Not just any old functional network will have mental states [Block]
     Full Idea: If there are any fixed points in the mind-body problem, one of them is that the economy of Bolivia could not have mental states, no matter how it is distorted.
     From: Ned Block (Troubles with Functionalism [1978], p. 86)
     A reaction: It is hard to disagree with this, but then it can hardly be a serious suggestion that anyone could see how to reconfigure an economy so that it mapped the functional state of the human brain. This is not a crucial problem.
In functionalism, what are the special inputs and outputs of conscious creatures? [Block]
     Full Idea: In functionalism, it is very hard to see how there could be a single physical characterization of the inputs and outputs of all and only creatures with mentality.
     From: Ned Block (Troubles with Functionalism [1978], p. 87)
     A reaction: It would be theoretically possible if the only way to achieve mentality was to have a particular pattern of inputs and outputs. I don't think, though, that 'mentality' is an all-or-nothing concept.
17. Mind and Body / E. Mind as Physical / 7. Anti-Physicalism / b. Multiple realisability
Physicalism is prejudiced in favour of our neurology, when other systems might have minds [Block]
     Full Idea: Physicalism is a chauvinist theory: it withholds mental properties from systems that in fact have them.
     From: Ned Block (Troubles with Functionalism [1978], p. 71)
     A reaction: This criticism interprets physicalism too rigidly. There may be several ways to implement a state. My own view is that other systems might implement our functions, but they won't experience them in a human way.
18. Thought / B. Mechanics of Thought / 6. Artificial Thought / b. Turing Machines
Simple machine-functionalism says mind just is a Turing machine [Block]
     Full Idea: In the simplest Turing-machine version of functionalism (Putnam 1967), mental states are identified with the total Turing-machine state, involving a machine table and its inputs and outputs.
     From: Ned Block (Troubles with Functionalism [1978], p. 70)
     A reaction: This obviously invites the question of why mental states would be conscious and phenomenal, given that modern computers are devoid of same, despite being classy Turing machines.
A Turing machine, given a state and input, specifies an output and the next state [Block]
     Full Idea: In a Turing machine, given any state and input, the machine table specifies an output and the next state. …To have full power the tape must be infinite in at least one direction, and be movable in both directions.
     From: Ned Block (Troubles with Functionalism [1978], p. 71)
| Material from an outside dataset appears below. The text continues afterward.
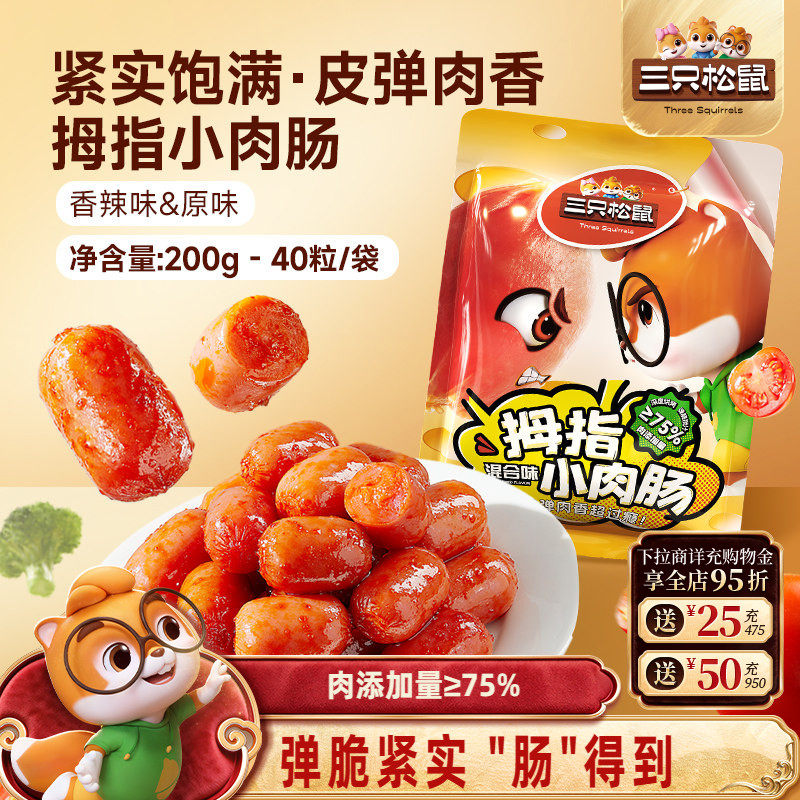零食/坚果/特产 【三只松鼠_拇指肠混合口味】肉肠鸡肉解馋小香肠宿舍零食小吃ss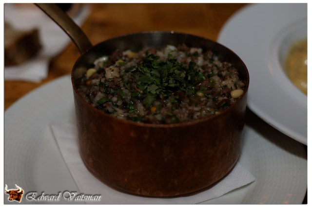 או את זו – פטה כבד עם ריבת עגבניות שרי. את המנה הזאת מיכאל מגיש לפי המתכון הקלאסי של קורדון בלו – הכבדים נטחנים עם כל שאר המרכיבים ונאפים בתנור, וזאת להבדיל מהגישה היותר מקובלת של להכשיר את הכבדים ברשת קודם. מחיר – 48 שקלים.

     A reaction: In retrospect, the proposal that this feeble item should be taken as a model for the glorious complexity and richness of human consciousness doesn't look too plausible.
19. Language / C. Assigning Meanings / 1. Syntax
Intuition may say that a complex sentence is ungrammatical, but linguistics can show that it is not [Block]
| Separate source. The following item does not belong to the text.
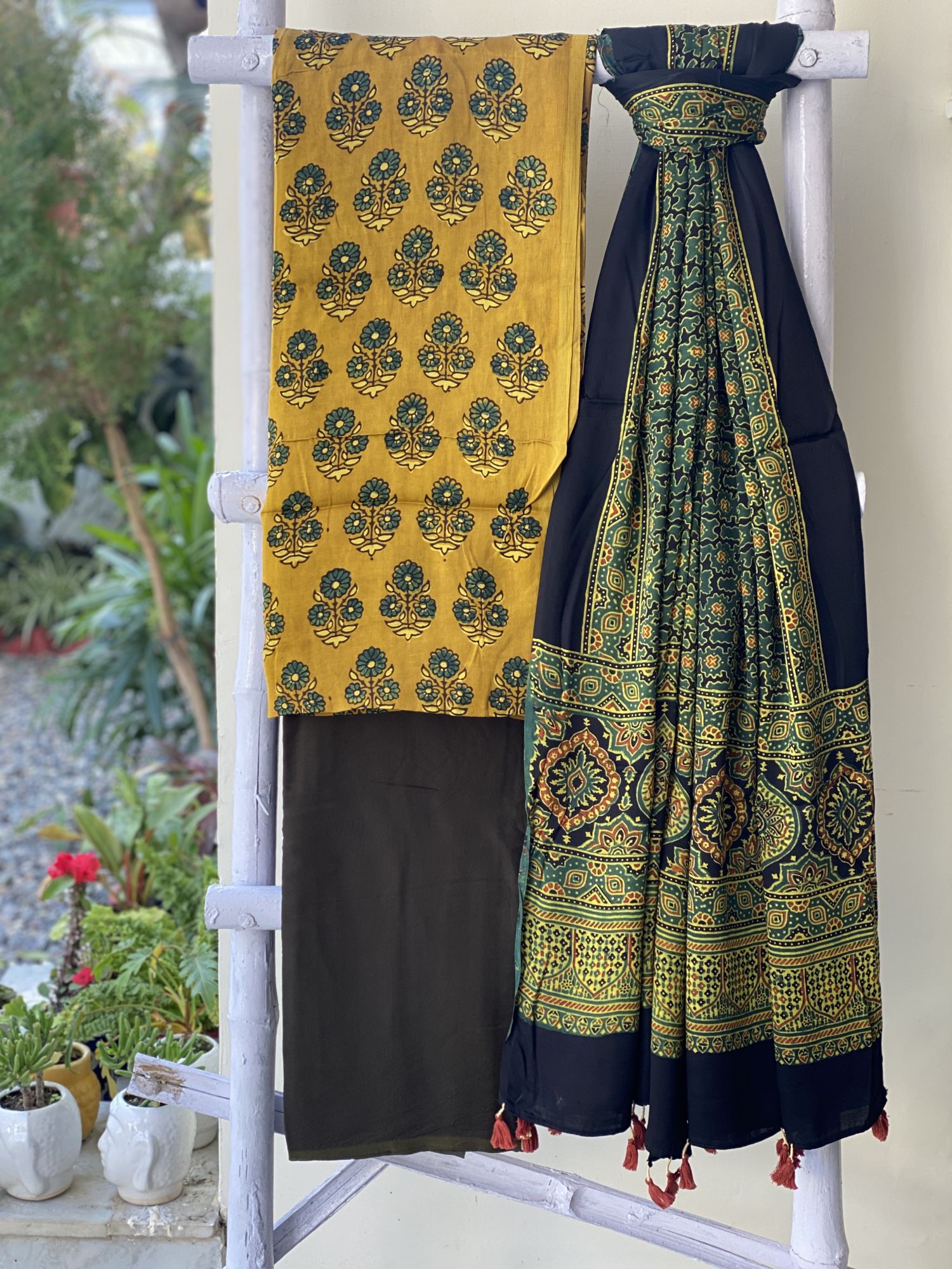 MUSTARD hand dyed ajrakh block print modal silk shirt and A MOSS GREEN MODAL SILK BOTTOM paired with A BOTTLE GREEN modal silk ajrakh block print dupatta, accessorised with tassles.

     Full Idea: Linguistics rejects (on theoretical grounds) the intuition that the sentence "the boy the girl the cat bit scratched died" is ungrammatical.
     From: Ned Block (Troubles with Functionalism [1978], p. 78)
     A reaction: Once we have disentangled it, we practical speakers have no right to say it is ungrammatical. It isn't only theory. The sentence is just stylistically infelicitous.